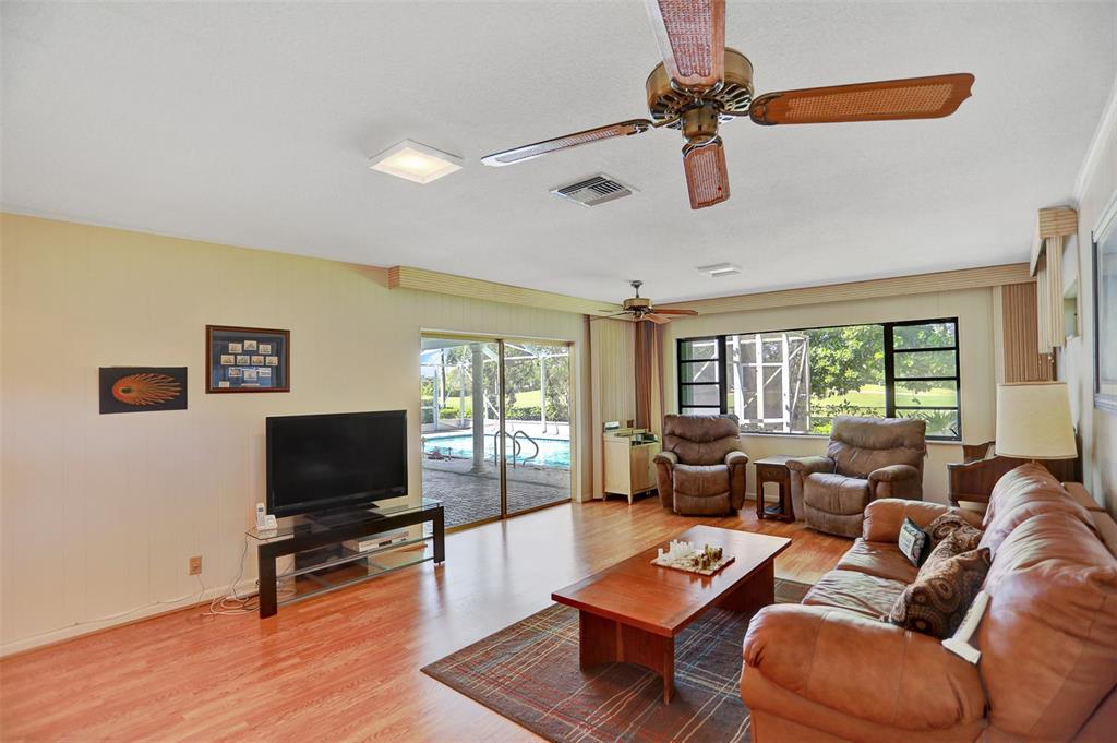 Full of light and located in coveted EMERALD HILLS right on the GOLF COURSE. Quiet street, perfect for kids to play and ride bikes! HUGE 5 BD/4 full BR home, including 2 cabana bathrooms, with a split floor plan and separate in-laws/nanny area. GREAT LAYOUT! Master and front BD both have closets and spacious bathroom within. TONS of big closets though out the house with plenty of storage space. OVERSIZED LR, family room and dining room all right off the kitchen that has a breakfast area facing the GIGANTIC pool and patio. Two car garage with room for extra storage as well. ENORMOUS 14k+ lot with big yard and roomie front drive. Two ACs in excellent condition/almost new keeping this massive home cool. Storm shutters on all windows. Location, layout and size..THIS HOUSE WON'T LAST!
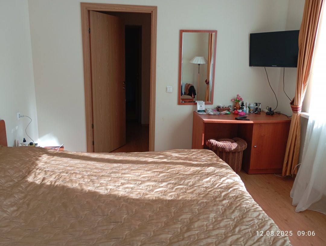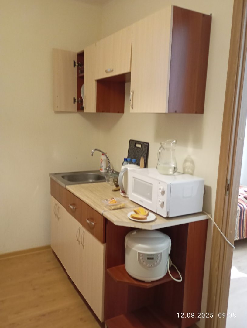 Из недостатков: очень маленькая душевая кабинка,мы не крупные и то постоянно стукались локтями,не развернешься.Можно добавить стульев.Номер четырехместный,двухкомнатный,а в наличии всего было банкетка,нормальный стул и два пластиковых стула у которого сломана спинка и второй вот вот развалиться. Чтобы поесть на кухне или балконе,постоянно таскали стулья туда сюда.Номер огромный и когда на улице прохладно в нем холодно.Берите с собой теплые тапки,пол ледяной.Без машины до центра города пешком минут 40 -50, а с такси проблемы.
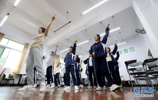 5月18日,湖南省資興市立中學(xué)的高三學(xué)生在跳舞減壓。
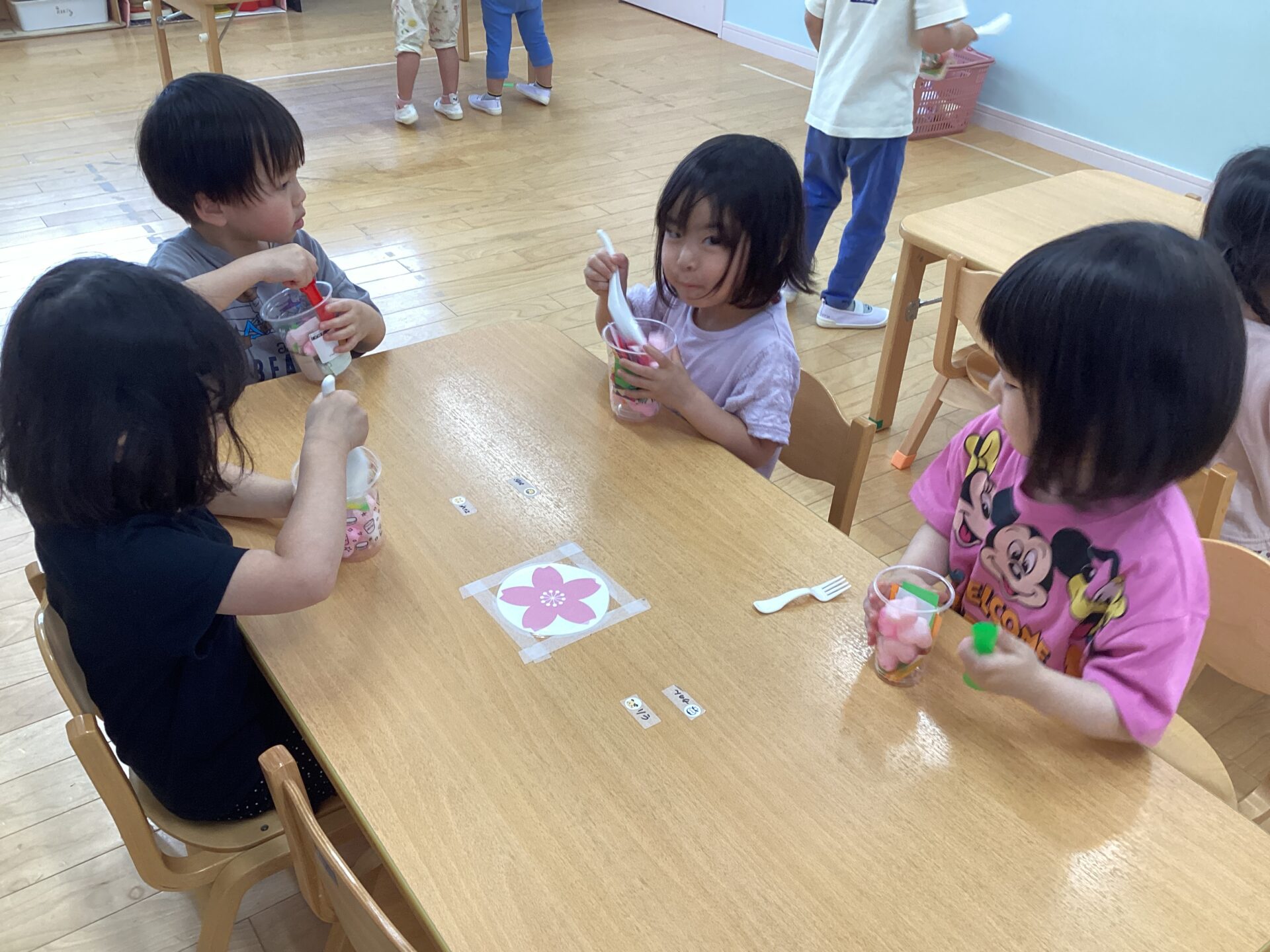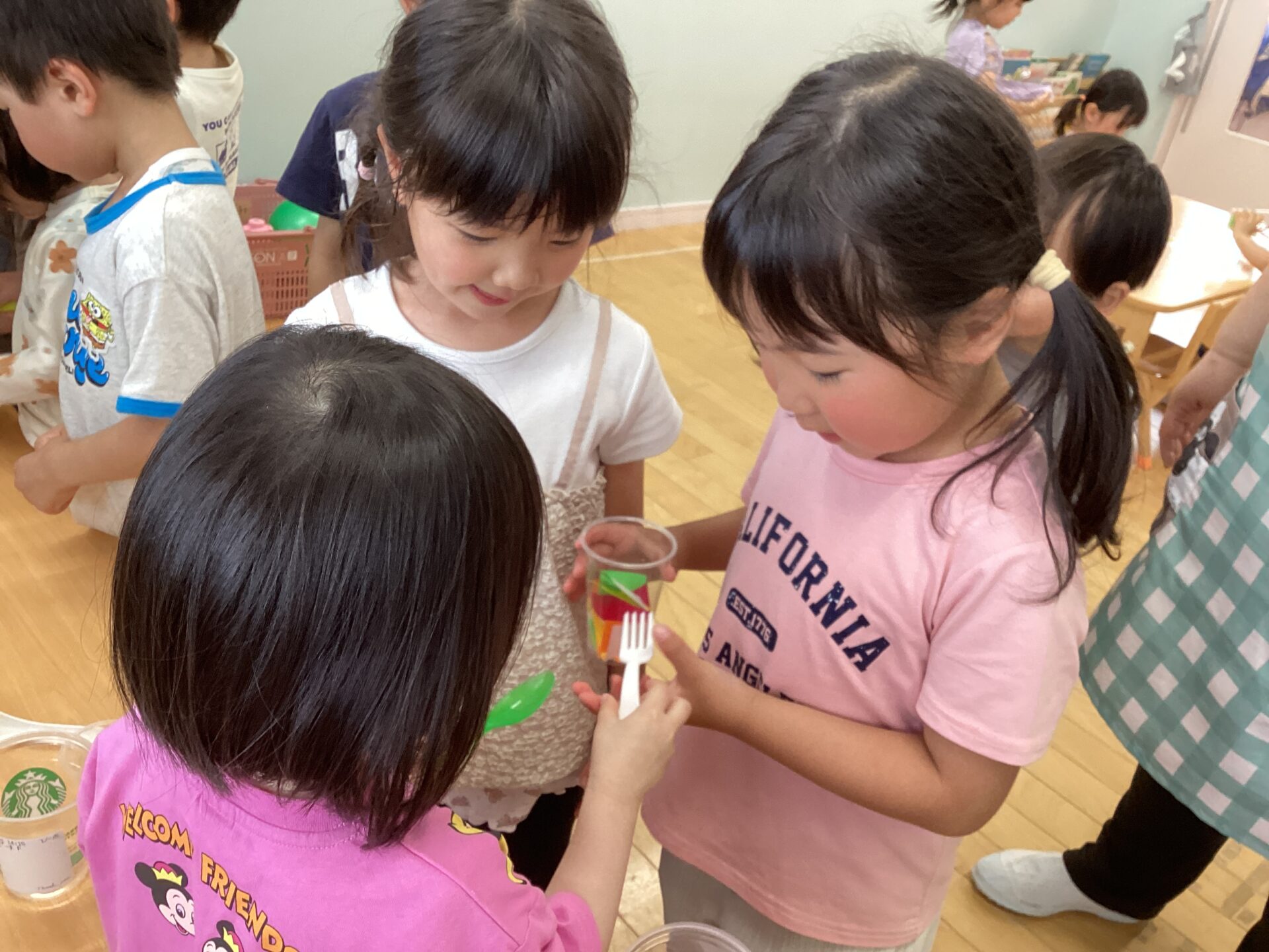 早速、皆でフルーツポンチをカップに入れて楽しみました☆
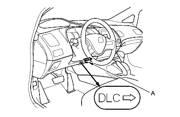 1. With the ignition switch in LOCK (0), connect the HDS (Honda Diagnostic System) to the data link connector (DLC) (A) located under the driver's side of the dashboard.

_ _ _ _ _ _ _

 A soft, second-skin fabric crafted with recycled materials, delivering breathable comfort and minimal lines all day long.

_ _ _ _ _ _ _

**EXERCISE DETAILS**
Set down again, exactly, every line above from the one with "Full of light" down to the one with "1. With the", both ends included. No pictures, and nothing else.

**SOLUTION TO THE PROBLEM**
 Full of light and located in coveted EMERALD HILLS right on the GOLF COURSE. Quiet street, perfect for kids to play and ride bikes! HUGE 5 BD/4 full BR home, including 2 cabana bathrooms, with a split floor plan and separate in-laws/nanny area. GREAT LAYOUT! Master and front BD both have closets and spacious bathroom within. TONS of big closets though out the house with plenty of storage space. OVERSIZED LR, family room and dining room all right off the kitchen that has a breakfast area facing the GIGANTIC pool and patio. Two car garage with room for extra storage as well. ENORMOUS 14k+ lot with big yard and roomie front drive. Two ACs in excellent condition/almost new keeping this massive home cool. Storm shutters on all windows. Location, layout and size..THIS HOUSE WON'T LAST!
 Из недостатков: очень маленькая душевая кабинка,мы не крупные и то постоянно стукались локтями,не развернешься.Можно добавить стульев.Номер четырехместный,двухкомнатный,а в наличии всего было банкетка,нормальный стул и два пластиковых стула у которого сломана спинка и второй вот вот развалиться. Чтобы поесть на кухне или балконе,постоянно таскали стулья туда сюда.Номер огромный и когда на улице прохладно в нем холодно.Берите с собой теплые тапки,пол ледяной.Без машины до центра города пешком минут 40 -50, а с такси проблемы.
 5月18日,湖南省資興市立中學(xué)的高三學(xué)生在跳舞減壓。
 早速、皆でフルーツポンチをカップに入れて楽しみました☆
 1. With the ignition switch in LOCK (0), connect the HDS (Honda Diagnostic System) to the data link connector (DLC) (A) located under the driver's side of the dashboard.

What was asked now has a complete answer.